Collected data:
= Beginning of Section =

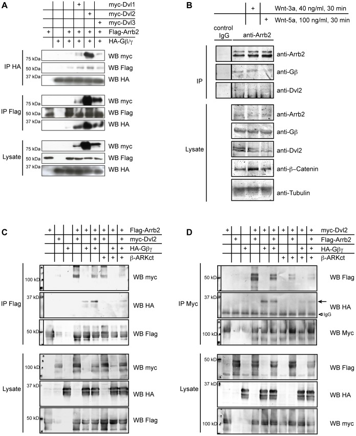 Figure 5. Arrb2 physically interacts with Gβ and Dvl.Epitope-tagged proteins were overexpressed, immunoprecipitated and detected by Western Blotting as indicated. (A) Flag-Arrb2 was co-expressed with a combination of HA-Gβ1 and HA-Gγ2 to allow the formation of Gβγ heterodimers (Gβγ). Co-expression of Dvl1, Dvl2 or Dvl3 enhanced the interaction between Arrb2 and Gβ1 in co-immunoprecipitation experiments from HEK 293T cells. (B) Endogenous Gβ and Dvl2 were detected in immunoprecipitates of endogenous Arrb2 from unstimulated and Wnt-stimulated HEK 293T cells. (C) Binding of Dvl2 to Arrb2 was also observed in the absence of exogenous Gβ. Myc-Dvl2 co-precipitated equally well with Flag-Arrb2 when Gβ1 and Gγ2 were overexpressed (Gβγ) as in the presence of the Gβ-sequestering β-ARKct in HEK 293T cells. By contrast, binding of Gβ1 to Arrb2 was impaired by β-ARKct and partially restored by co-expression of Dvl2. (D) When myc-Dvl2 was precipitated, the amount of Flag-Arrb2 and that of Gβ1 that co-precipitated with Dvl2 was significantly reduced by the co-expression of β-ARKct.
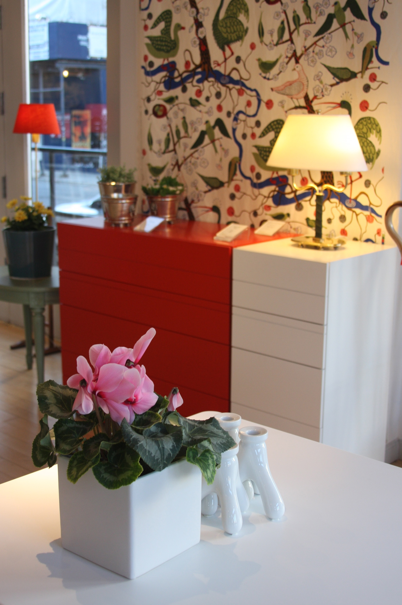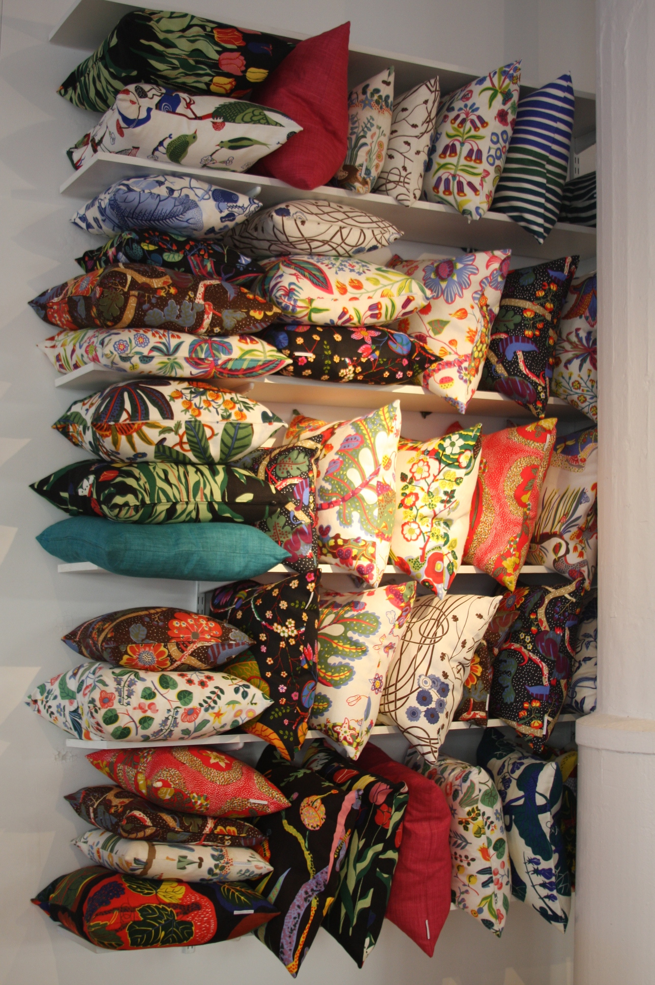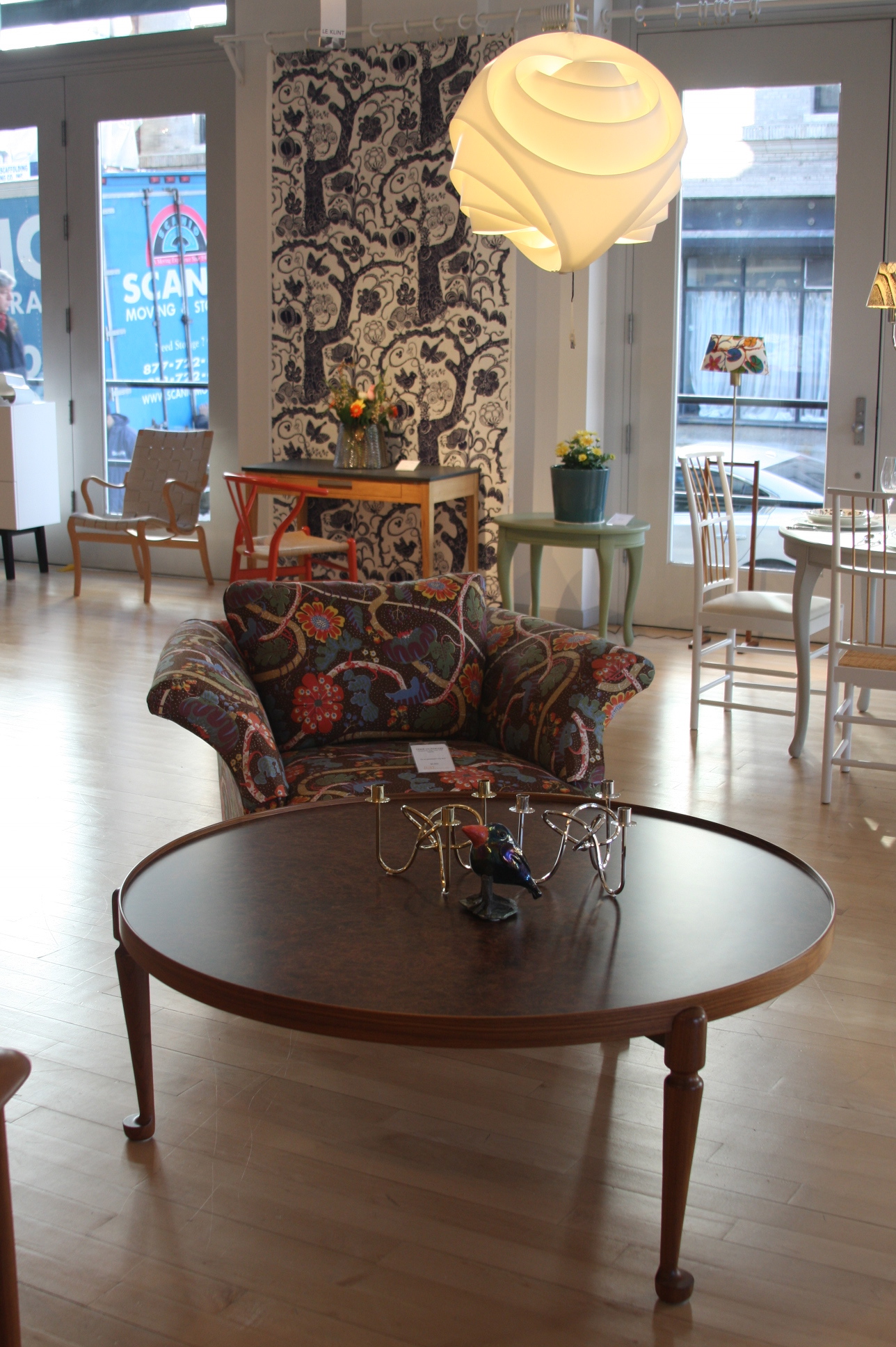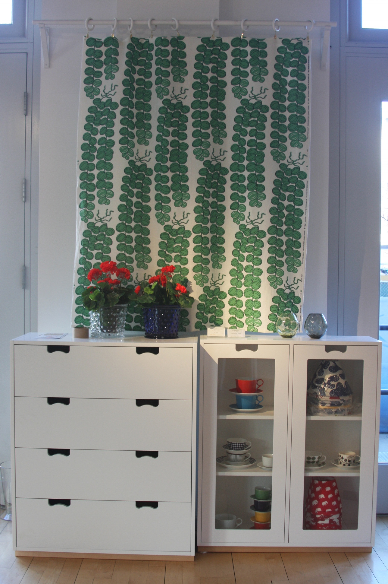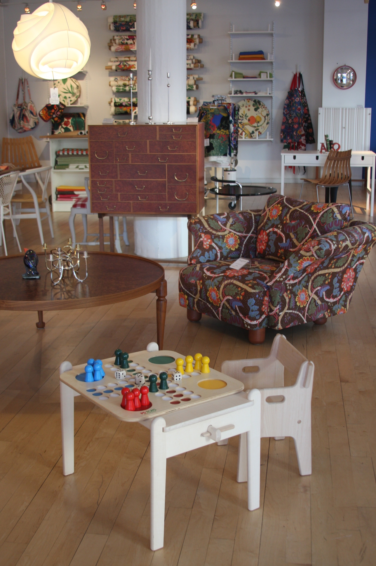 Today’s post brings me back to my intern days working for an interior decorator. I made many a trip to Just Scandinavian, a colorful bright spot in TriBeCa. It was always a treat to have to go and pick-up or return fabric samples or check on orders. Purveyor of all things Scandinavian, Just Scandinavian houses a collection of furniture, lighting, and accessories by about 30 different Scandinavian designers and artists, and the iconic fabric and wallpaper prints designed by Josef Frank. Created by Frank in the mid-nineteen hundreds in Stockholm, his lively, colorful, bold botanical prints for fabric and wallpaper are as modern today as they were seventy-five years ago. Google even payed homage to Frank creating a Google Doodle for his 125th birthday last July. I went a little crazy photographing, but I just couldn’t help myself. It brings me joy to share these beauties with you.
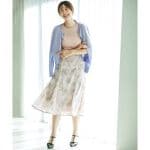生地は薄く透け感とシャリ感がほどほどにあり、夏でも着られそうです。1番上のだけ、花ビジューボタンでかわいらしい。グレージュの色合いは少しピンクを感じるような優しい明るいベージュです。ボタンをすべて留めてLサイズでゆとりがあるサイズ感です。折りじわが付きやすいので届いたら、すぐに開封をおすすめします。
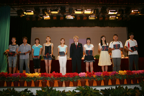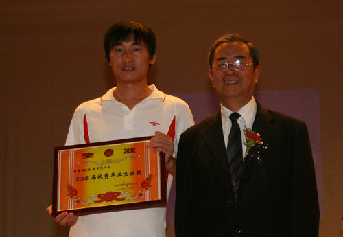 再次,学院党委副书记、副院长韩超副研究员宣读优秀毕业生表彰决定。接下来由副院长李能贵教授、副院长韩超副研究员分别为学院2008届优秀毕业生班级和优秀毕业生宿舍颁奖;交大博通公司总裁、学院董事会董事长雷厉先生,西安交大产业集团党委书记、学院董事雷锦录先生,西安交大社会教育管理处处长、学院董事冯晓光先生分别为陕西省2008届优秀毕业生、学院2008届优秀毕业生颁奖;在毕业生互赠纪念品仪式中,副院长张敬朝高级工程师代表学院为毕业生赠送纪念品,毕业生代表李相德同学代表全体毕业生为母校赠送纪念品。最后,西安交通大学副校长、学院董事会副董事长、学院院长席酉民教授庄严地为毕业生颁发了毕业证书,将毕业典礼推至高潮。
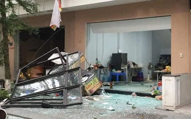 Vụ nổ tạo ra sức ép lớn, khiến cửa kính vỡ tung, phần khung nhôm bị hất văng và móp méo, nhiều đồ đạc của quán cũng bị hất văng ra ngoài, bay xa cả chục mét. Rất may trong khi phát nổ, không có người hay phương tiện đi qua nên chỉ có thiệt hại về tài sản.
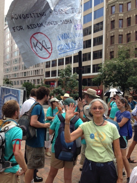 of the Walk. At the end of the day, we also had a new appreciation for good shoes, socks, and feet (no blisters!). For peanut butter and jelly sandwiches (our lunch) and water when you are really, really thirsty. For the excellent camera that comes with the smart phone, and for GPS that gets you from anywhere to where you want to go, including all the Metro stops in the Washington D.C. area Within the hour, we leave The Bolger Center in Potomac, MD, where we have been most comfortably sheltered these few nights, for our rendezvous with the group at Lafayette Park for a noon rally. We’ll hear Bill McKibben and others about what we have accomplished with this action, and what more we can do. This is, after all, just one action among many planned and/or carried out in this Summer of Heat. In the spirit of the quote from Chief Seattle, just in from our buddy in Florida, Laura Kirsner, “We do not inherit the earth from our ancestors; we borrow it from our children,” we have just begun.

= End of Section =
= Beginning of Section =

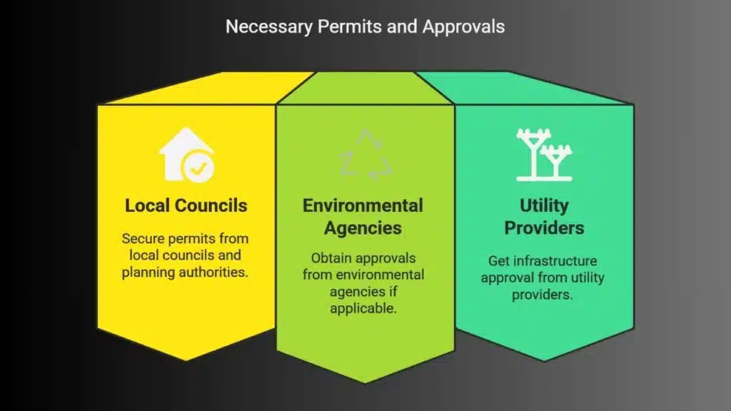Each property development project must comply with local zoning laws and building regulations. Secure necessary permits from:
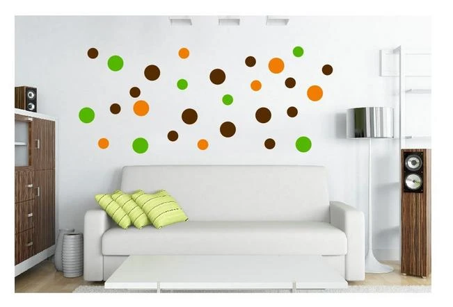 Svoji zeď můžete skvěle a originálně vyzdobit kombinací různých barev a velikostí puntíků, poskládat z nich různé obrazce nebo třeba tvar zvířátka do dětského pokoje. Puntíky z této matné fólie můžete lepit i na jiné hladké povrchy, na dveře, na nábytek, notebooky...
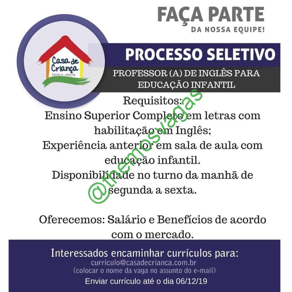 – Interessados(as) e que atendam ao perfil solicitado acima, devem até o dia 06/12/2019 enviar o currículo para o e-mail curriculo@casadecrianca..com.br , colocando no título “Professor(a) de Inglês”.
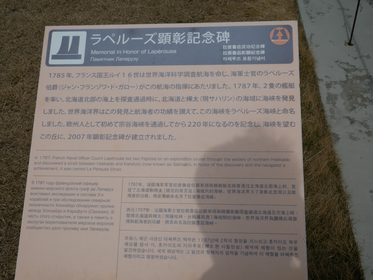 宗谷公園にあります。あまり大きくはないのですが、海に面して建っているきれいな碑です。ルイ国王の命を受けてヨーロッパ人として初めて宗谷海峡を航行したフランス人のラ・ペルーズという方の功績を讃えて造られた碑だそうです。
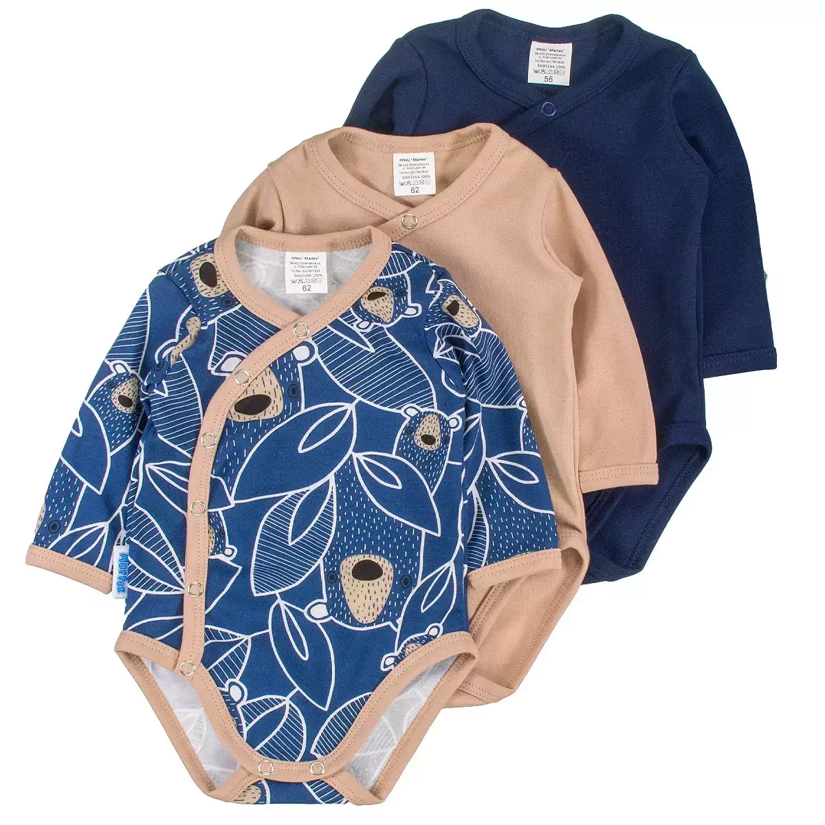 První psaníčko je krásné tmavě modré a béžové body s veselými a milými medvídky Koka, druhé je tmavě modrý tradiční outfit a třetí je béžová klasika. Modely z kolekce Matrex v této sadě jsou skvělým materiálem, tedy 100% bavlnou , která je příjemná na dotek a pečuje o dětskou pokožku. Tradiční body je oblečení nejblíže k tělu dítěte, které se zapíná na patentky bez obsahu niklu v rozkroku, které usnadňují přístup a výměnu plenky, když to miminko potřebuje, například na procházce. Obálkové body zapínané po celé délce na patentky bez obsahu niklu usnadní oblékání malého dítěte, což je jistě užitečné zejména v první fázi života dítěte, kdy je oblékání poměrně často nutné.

= End of Section =

• WHAT TO WORK ON
Go down the entries above from the line containing "Each property development" to the line containing "Svoji zeď můžete" and write out each line exactly, leaving pictures out.

• YOUR SOLUTION
Each property development project must comply with local zoning laws and building regulations. Secure necessary permits from:
 Svoji zeď můžete skvěle a originálně vyzdobit kombinací různých barev a velikostí puntíků, poskládat z nich různé obrazce nebo třeba tvar zvířátka do dětského pokoje. Puntíky z této matné fólie můžete lepit i na jiné hladké povrchy, na dveře, na nábytek, notebooky...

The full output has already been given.